Hedge funds increased their net long positions in Brent and WTI derivatives by 7mn barrels to a record 663mn barrels in the week ending April 26. 
Even though oil prices have already risen by roughly $20 per barrel (70%) from their low in January, hedge funds are more bullish than at any time since oil prices started slumping in the summer of 2014. 
Hedge funds and other money managers held futures and options contracts equivalent to 791mn barrels of crude betting on a further rise in prices and just 128mn barrels gambling on a fall.
The record net long position in crude easily surpasses previous peaks set in May 2015 (572mn barrels) and June 2014 as ISIS fighters threatened the oilfields of Iraq (626mn barrels). 
Large concentrations of long or short positions are often followed by a sharp reversal in prices when holders try to lock in their profits by liquidating some of their positions, triggering a rush for the exit. 
The accumulation of such a large net long position over the last 17 weeks could indicate an increasing risk crude prices will pull back and give up at least some of their recent gains in the short term. 
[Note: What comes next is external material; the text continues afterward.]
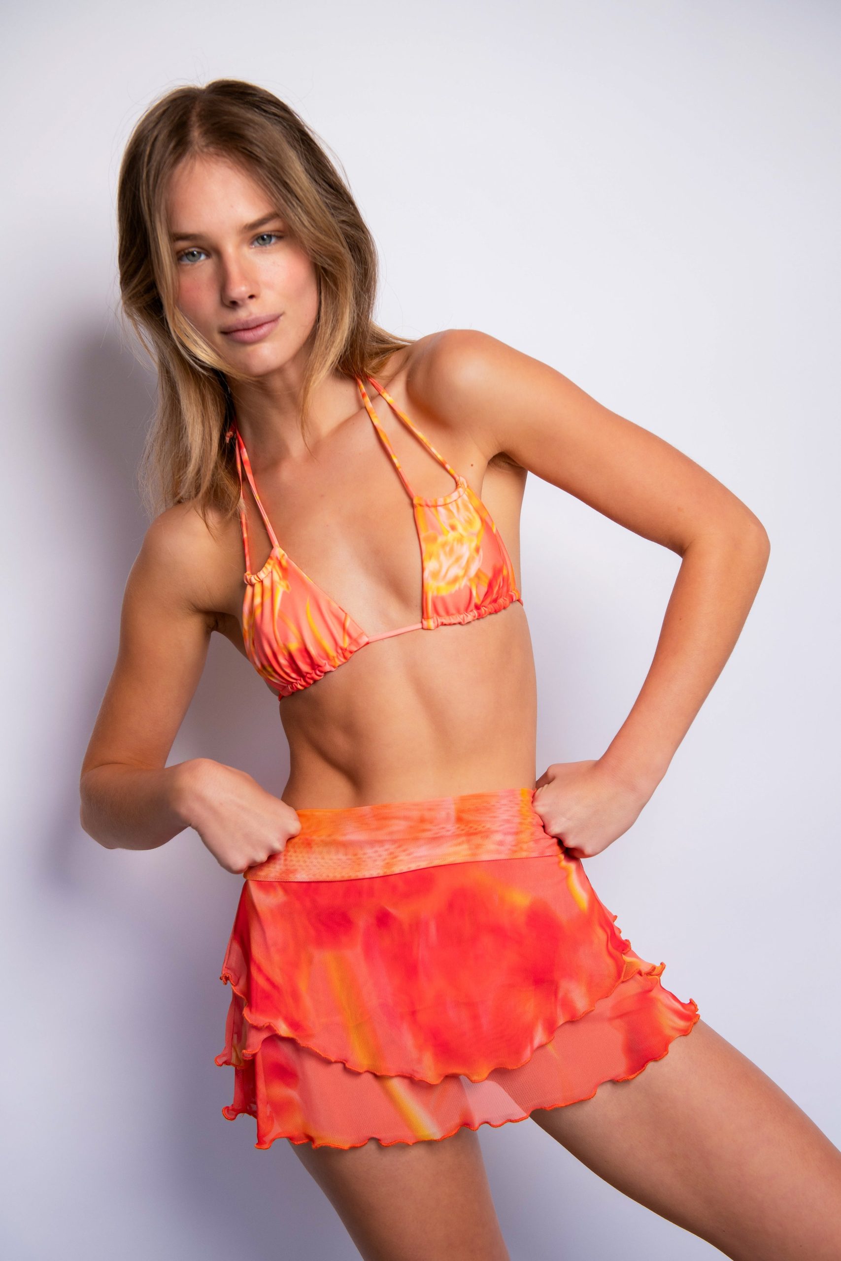 This perfect flirty mesh mini has an extra long band that can be worn rolled for a low rise nostalgic mini skirt girly vibe, or just as a simple higher waist band because we love options here at Skatie! One of those pieces that you might wear as a cover-up but can definitely be worn out and about as an outfit.

Crude prices have been closely correlated with the accumulation and liquidation of hedge fund positions in Brent and especially WTI since the start of 2015. 
Traders and analysts are divided over whether hedge funds and other money managers are now fully invested in crude, heightening the risk of reversal, or could still increase their position further. 
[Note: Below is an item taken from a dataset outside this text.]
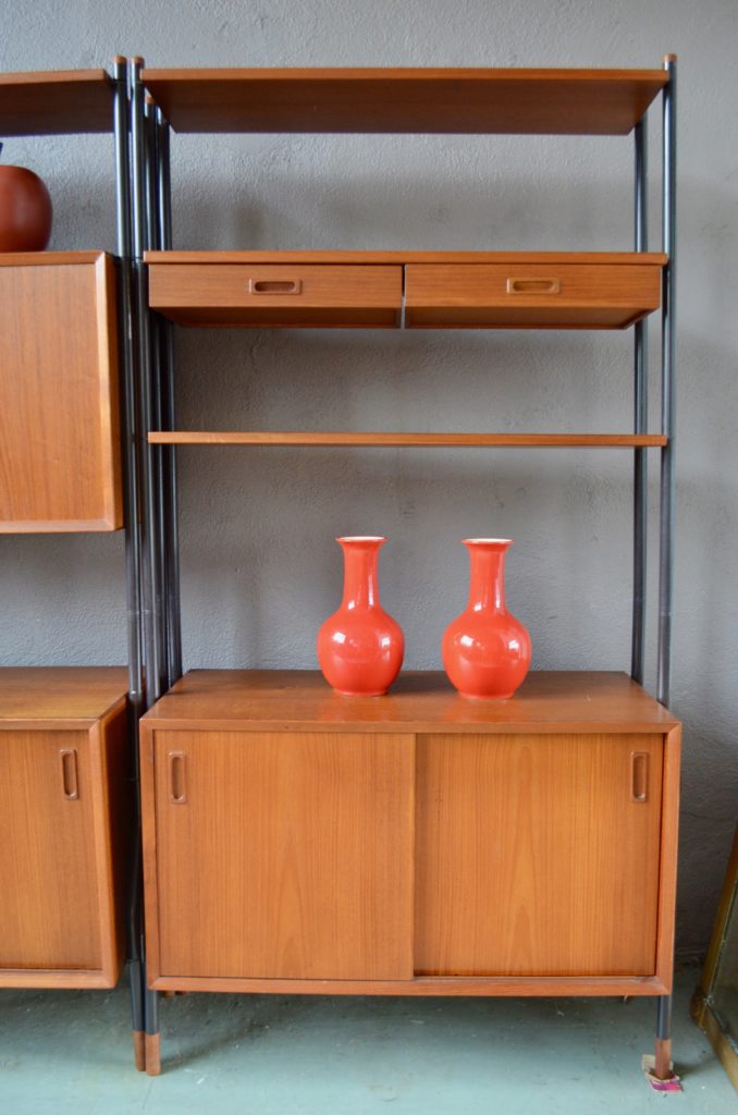 Ce grand ensemble de mobilier modulable est une production danoise des années 60. Le fabricant “Lyby Møbler” nous propose une solution de rangement haut de gamme, fonctionnelle est adaptable à toute les situations. Les éléments sont en teck, ils sont portés par une structure en métal laqué marron-noir, joliment coudé au niveau du piétement. Patins et finition haute sont en teck. L’ensemble dispose de tablettes, étagères, caissons de rangement, tiroirs, commode et d’un bureau-secrétaire. Tous ces modules peuvent être disposés au gré des envies et besoins. L’étagère modulable pourra donc devenir une bibliothèque, un espace de travail, un meuble HIFI ou tout à la fois. Dans un pur style scandinave, son design simple et lisible met en valeur la chaleur du teck au moyen de lignes évidentes et d’assemblages soignés.

Since the start of the year, hedge funds have added almost 195mn barrels of additional long positions in Brent and WTI, while cutting short positions by 235mn. 
The brutal squeeze on former hedge fund short positions has been at least as important as the emergence of fresh long positions in pushing prices higher. 
But with hedge fund short positions down from a recent peak of 392mn barrels in the second week of January to just 128mn barrels there are not many more short positions to squeeze. 
On the long side, hedge funds have already amassed a record number of contracts. Past experience indicates that this could be a close to their maximum position. But oil prices are less than half of the level that they were in June 2014, so the dollar amount of hedge fund positions is still relatively modest, which could indicate they have further scope to add long positions. 
On balance, the hedge funds’ record net long position has shifted the balance of price risks towards the downside in the short term. 
But it has to be set against the fundamental supply-demand picture, where the balance of risks appears to be shifting to the upside (“Oil rally is not just about hedge funds”, Reuters, April 29). 
US gasoline consumption averaged 9.2mn barrels per day in February, stronger than expected, according to monthly data published by the US Energy Information Administration on April 29. 
US gasoline consumption is running at a record for the time of year.
Record gasoline consumption in the US is consistent with separate data showing traffic volumes on US highways rising by between 5% and 6% year-on-year in February. Even if the strength of implied gasoline demand and driving in February was flattered by baseline effects, there is no doubting the underlying strength of fuel demand from US motorists. At the same time, US oil production has fallen by more than 3% over the last 12 months and is down almost 570,000 barrels per day (6%) from its peak (“Petroleum Supply Monthly”, EIA, April 29). 
So far this year, the hedge funds and market fundamentals have both been pushing in the same direction. 
The liquidation of previous hedge fund short positions and accumulation of long ones has accelerated a rise in crude prices that would probably have occurred in any event given the gradual rebalancing of the physical crude market. 
But it is no longer obvious hedge funds and fundamentals will work in the same direction in the next couple of months. 
There is now some tension between hedge fund positioning (which suggests price risks are biased to the downside in the short term) and the tightening supply-demand balance (which indicates price risks could still be tilted to the upside).


*John Kemp is a Reuters market analyst. The views expressed are his own.